La mondialisation des échanges est une réalité que vivent nos entreprises au quotidien et à des degrés divers, de la multinationale à la PME. En 2017, les exportations de biens et de services ont représenté un peu plus de 29% du PIB, et les importations environ 31%. Ainsi notre performance économique est-elle exposée pour près de 60% au commerce international, contre seulement 40% en 1990.

Formulé par un contemporain d’Alexandre Dumas à l’époque d’une économie quasiment fermée et peu diversifiée, l’adage « quand le bâtiment va, tout va », apparaît suranné au regard du contexte actuel. Certes le bâtiment dispose encore d’une force d’entraînement intrinsèque liée à l’importance de ses recours à la sous-traitance, mais les perspectives des grands secteurs industriels et commerciaux dépendent plus de l’état du monde et des grands courants qui l’animent.

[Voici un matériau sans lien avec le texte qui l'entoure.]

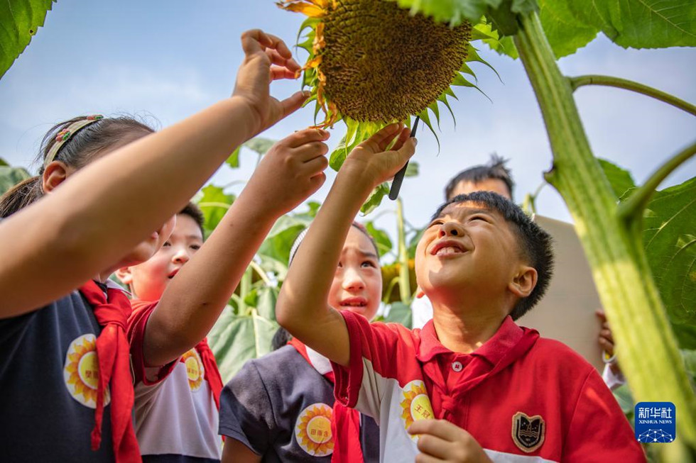 6月22日,在重庆两江新区星湖学校教学楼顶的向日葵园,学生们在向日葵全融合趣评嘉年华测评中采集向日葵标本。
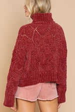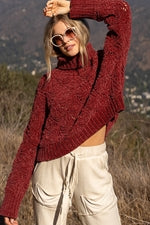 The Vanessa ~ Blood Red Cropped Eyelet Cutout Turtleneck Pullover Sweater from POL!
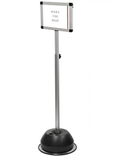 屋外ポールサインスタンド A4片面横シルバー 雨に強いアルミ製で転倒防止用ウエイトがついた屋外対応のポールスタンド直送品。

Fort de ce constat, établir une vision sectorielle de la France des entreprises pour les années 2018-2019 impose de considérer différents facteurs économiques tels que :

- le cycle de croissance tranquille, voire confortable pour certains pays, que traversent les grands partenaires commerciaux de la France (États Unis, Union européenne, Chine…) sans que soient observés de signes cliniques avant-coureurs d’un déséquilibre manifeste ou d’une surchauffe ; - une facture énergétique contenue avec des prix du pétrole qui, bien que tablant sur une augmentation graduelle, resteront somme toute encore bon marché au regard des niveaux atteints durant les années 2010-2014 ; - des commodités agricoles (céréales, soja, sucre, café, …) dont les indicateurs de prix ont touché leurs plus bas niveaux depuis 1991, traduisant l’existence de stocks abondants ; - des métaux non ferreux (cuivre, aluminium…) utilisés par différentes filières industrielles (bâtiment, électronique…) dont les cours en rebond spéculatif présentent des perspectives de correction à la baisse ; - des conditions de financement encore très favorables avec des taux d’intérêt réels qui, même dans la perspective d’une possible remontée, resteront à des niveaux historiquement faibles.

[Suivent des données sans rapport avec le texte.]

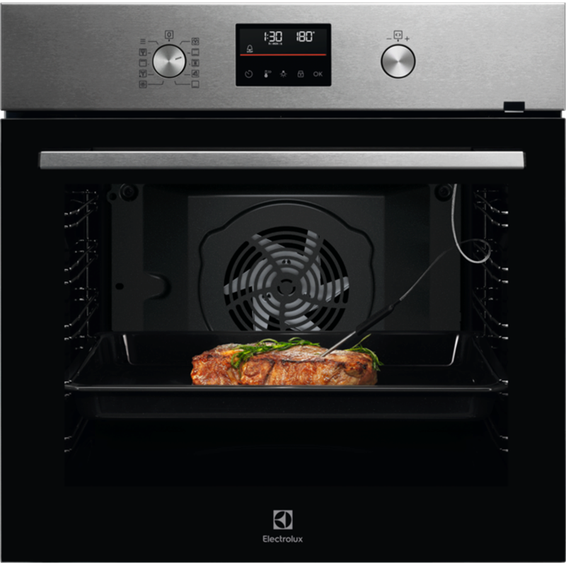 Med Electrolux 600 SenseCook® får du en ugn som övervakar innertemperaturen i maten och stänger av sig själv när allt är perfekt tillagat. Tack vare varmluftssystemet får du jämn värmefördelning och snabb uppvärmning, medan pyrolytisk rengöring gör städningen enkel – inga kemikalier, bara torka bort askan.

Au total, se dessine un cadre général plutôt favorable dans lequel les entreprises françaises vont pouvoir exercer leurs talents et générer de la croissance pour autant que ne se dresse pas le spectre du déficit de compétitivité face à une concurrence étrangère toujours plus dynamique.

Pour la période 2018-2019, les secteurs que nous avons considérés connaîtront des fortunes diverses.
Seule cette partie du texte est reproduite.